The pom.xml can be versioned via GitHub as we do for dbpedia (see folder). Add the following to .gitignore to exclude data from being committed to git: ${bundlefolder}/*/*/src/

Change version of the whole bundle

mvn versions:set -DnewVersion=2018.08.15

Run the example

There are working examples in the example folder, which you can copy and adapt

# clone the repository
git clone https://github.com/dbpedia/databus-maven-plugin.git
cd databus-maven-plugin
cd example/animals

# validate, parse, generate metadata and package
mvn databus:validate databus:test-data databus:metadata databus:package-export

Configuration

File setup and conventions

Generate a release configuration with an archetype

Note: For datasets with few artifacts, you can also copy the example and adjust it

We provide a Maven Archetype for easy and automatic project setup. In short, Archetype is a Maven project templating toolkit: https://maven.apache.org/guides/introduction/introduction-to-archetypes.html The template is created from an existing project, found in archetype/existing-projects. Variables are replaced upon instantiation.

Install databus archetype

We provide two archetype templates:

  • bundle-archetype generates a bundle with one dataset (called add-one-dataset)
  • add-one-dataset-archetype adds a module to an existing bundle

The archetype needs to be installed into the local maven repo:

git clone https://github.com/dbpedia/databus-maven-plugin.git
cd databus-maven-plugin/archetype/existing-projects
./deploy.sh

deploy.sh runs mvn archetype:create-from-project and mvn install on bundle and bundle/add-one-dataset

Instantiate a new project

With the archetype you can create one bundle with arbitrarily many datasets/artifacts.

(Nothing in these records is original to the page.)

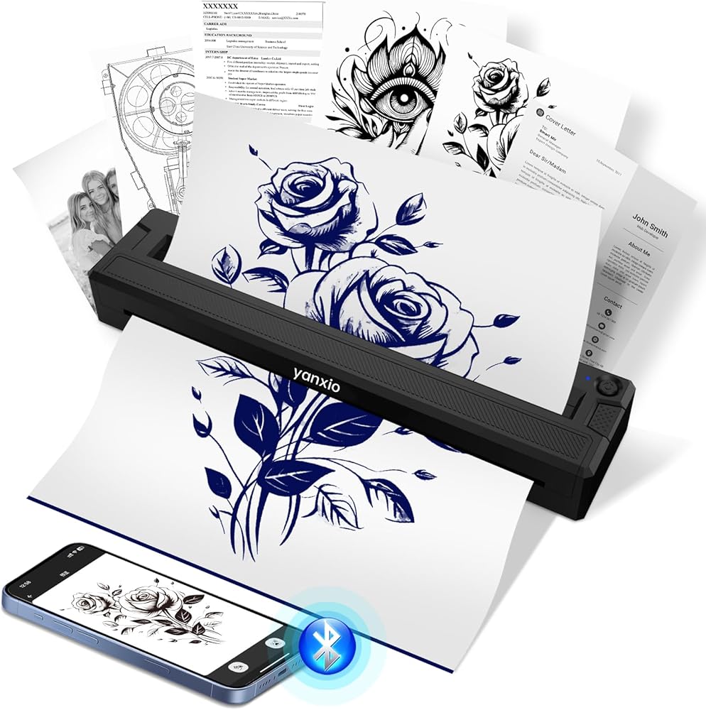 طابعة وشم استنسل للمبتدئين والفنانين، آلة طباعة وشم حرارية لاسلكية مع 10 قطع من الورق الحراري و3 قطع من أوراق النقل، آلة وشم محمولة، تدعم Android وiOS وWindows وMacOS
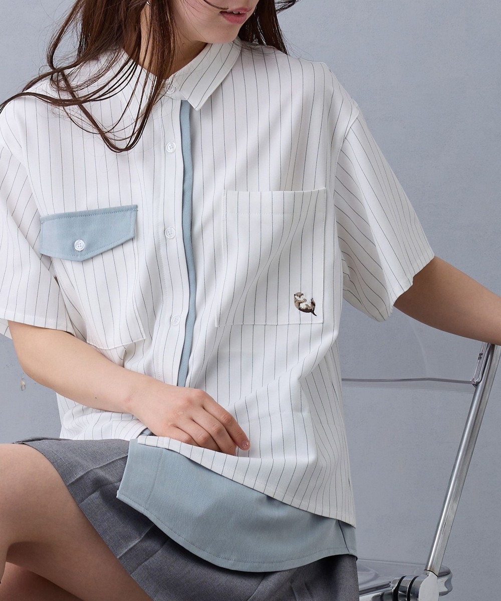 胸ポケットにはキュートなカワウソのワンポイント刺繍が入っており、コーディネートのポイントに!
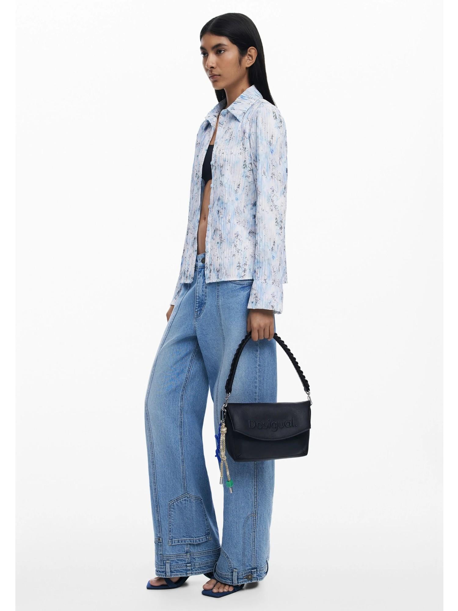 Borsa a tracolla in tessuto effetto pelle con logo effetto 3D, chiusura con cerniera, patta estensibile, manici intercambiabili e portachiavi rimovibile. Colore: tinta unita. Molteplici tasche. Chiusura: con cerniera. Manici intercambiabili. Logo effetto 3D. Portachiavi rimovibile. Effetto pelle. Risvolto estensibile. Progettato a Barcellona. Misure: 22,8 x 8 x 15,5/31,4 cm. Composizione esterna: 100% poliuretano. Composizione interna: 100% poliestere. Trimming fabric material: 100% poliuretano.
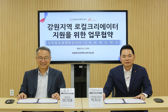 SK브로드밴드는 최근 강원도 춘천시 강원창조경제혁신센터 본원에서 ‘강원지역 로컬 크리에이터 지원을 위한 업무협약’을 체결했다고 밝혔다. 로컬 크리에이터는 로컬(Local)과 콘텐츠 제작자(Creator)의 합성어로, 지역 문화·관광·자원 등을 기반으로 비즈니스 모델을 접목해 지역 문제를 해결·혁신하고 가치를 만들어내는 창업가를 말한다.
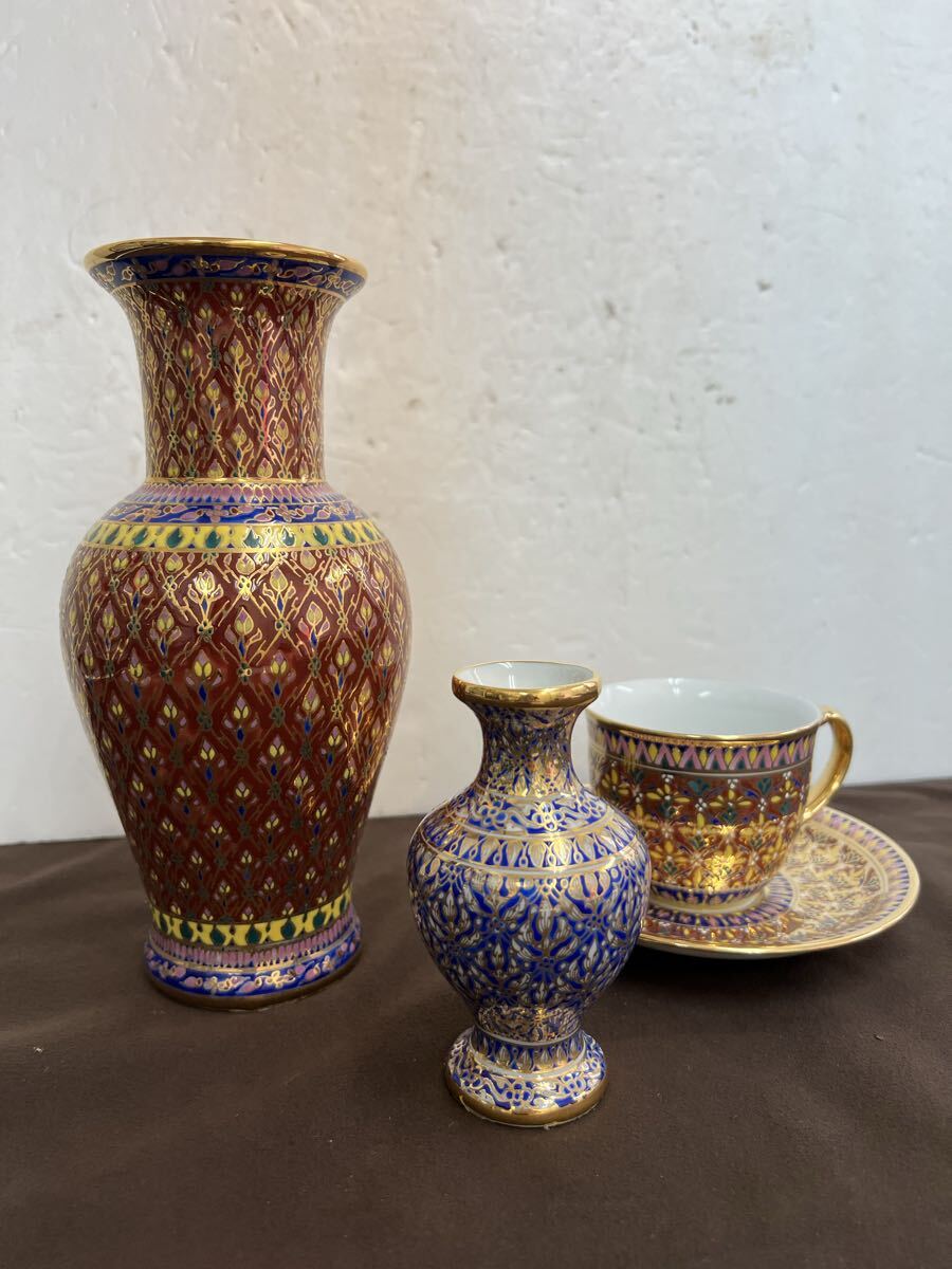 > 【ゆ60】タイ ベンジャロン焼き ハンドペイントカップ&ソーサー 花瓶 花入 花器 飾壺 壺 金彩 置物 Gold12k
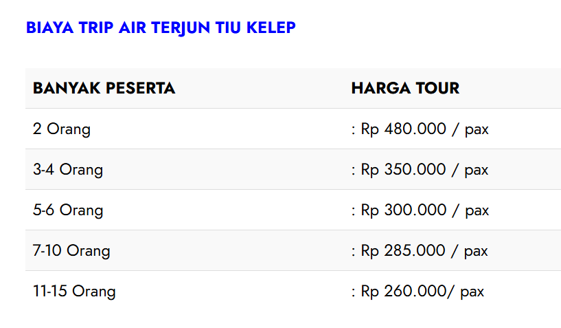 Harga dihitung per pax / per orang
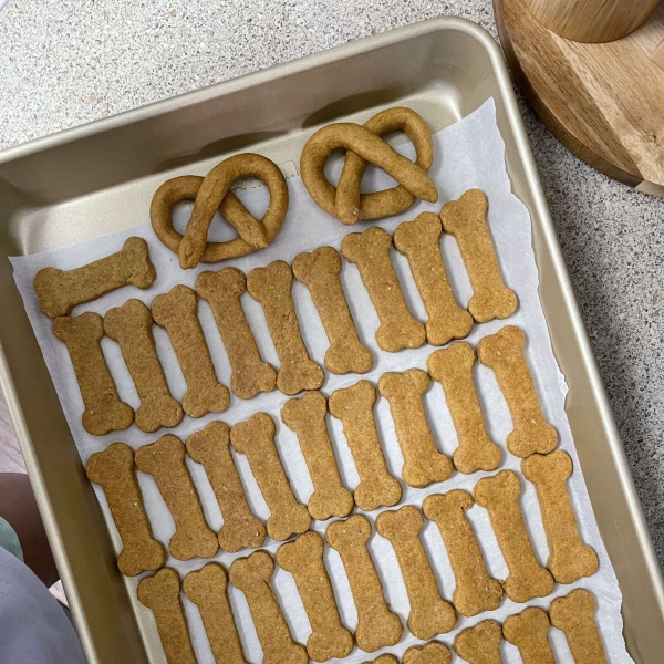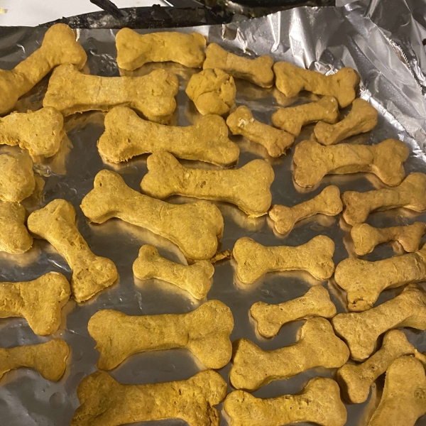 Bake in the preheated oven until dog treats are golden brown and crunchy, about 40 minutes. Let cool before serving to your dog.
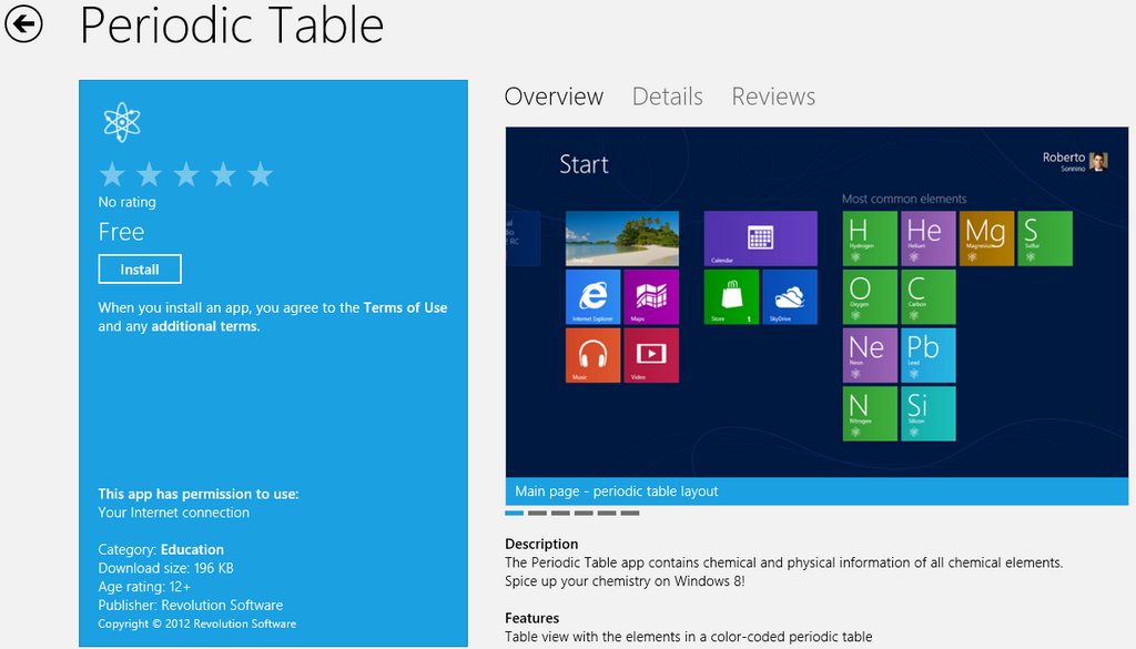Already tweeted this, but I feel I should give a shoutout to this guy’s effort. I am all for anything scientific. I was glad when the TouchMol hit the store way back in the early days of Release Preview. You can count me in Anything to get our kids excited about Science again. TouchMol gives you everything about Molecular structures, disappointed it was rated only by two people, but for those two, it was a solid 5. It was a solid App. I hope the same with this Periodic Table app. As the name suggests, it is an app to get back to the basics with Chemistry again. For this free app, you get a color-coded Periodic Table of our known Atomic Elements. The building block of the physical universe as we know it. You can also pin your favorite elements to the Start Screen for easy access. Revolution Software gave the following description from the Store:

Here is how:

# Generate the bundle

# version number of bundle
VERSION=2018.08.15
# domain 
GROUPID=org.example.data
# bundle artifactid
BUNDLEARTIFACTID=animals
# configure list of datasets/artifacts to be created
DATASETARTIFACTID="mammals birds fish"

mvn archetype:generate -DarchetypeCatalog=local -DarchetypeArtifactId=bundle-archetype -DarchetypeGroupId=org.dbpedia.databus.archetype -DgroupId=$GROUPID -DartifactId=$BUNDLEARTIFACTID -Dversion=$VERSION -DinteractiveMode=false

# Generate datasets/modules 

# go into the bundle
cd $BUNDLEARTIFACTID

for i in ${DATASETARTIFACTID} ; do 
	mvn archetype:generate -DarchetypeCatalog=local -DarchetypeArtifactId=add-one-dataset-archetype -DarchetypeGroupId=org.dbpedia.databus.archetype -DgroupId=$GROUPID -DartifactId=$i -Dversion=$VERSION -DinteractiveMode=false
	# some clean up, since archetype does not set parent automatically  
	# TODO we are trying to figure out how to automate this
	sed -i "s|<artifactId>bundle</artifactId>|<artifactId>$BUNDLEARTIFACTID</artifactId>|" */pom.xml
	sed -i "s|<groupId>org.dbpedia.databus.archetype</groupId>|<groupId>$GROUPID</groupId>|" */pom.xml
	sed -i "s|<version>1.0.0</version>|<version>$VERSION</version>|" */pom.xml
done



# delete add-one-dataset 
rm -r add-one-dataset
sed -i  's|<module>add-one-dataset</module>||' pom.xml

# wipe the example data files
rm */src/main/databus/$VERSION/*

Development

License

License of the software is AGPL with intended copyleft. We expect that you spend your best effort to commit upstream to make this tool better or at least that your extensions are made available again. Any contribution will be merged under the copyright of the DBpedia Association.

Development rules

  • All paths are configured in Properties.scala, which is a trait for the Mojos (Maven Plugin classes), please handle all paths there
  • Datafile.scala is a quasi decorator for files, use getInputStream to open any file
  • Use the issue tracker, do branches instead of forks (we can give access), we will merge with master
  • Document options in the archetype pom and here

Troubleshooting

Download from http://databus.dbpedia.org:8081/repository/ fails, no dependency information available

Note: this section can be removed after completion of https://github.com/dbpedia/databus-maven-plugin/issues/12 Possible reason: we have installed a dev archiva for now. Depending on your org’s network configuration, code might only be accepted from Maven Central and local/allowed maven repos.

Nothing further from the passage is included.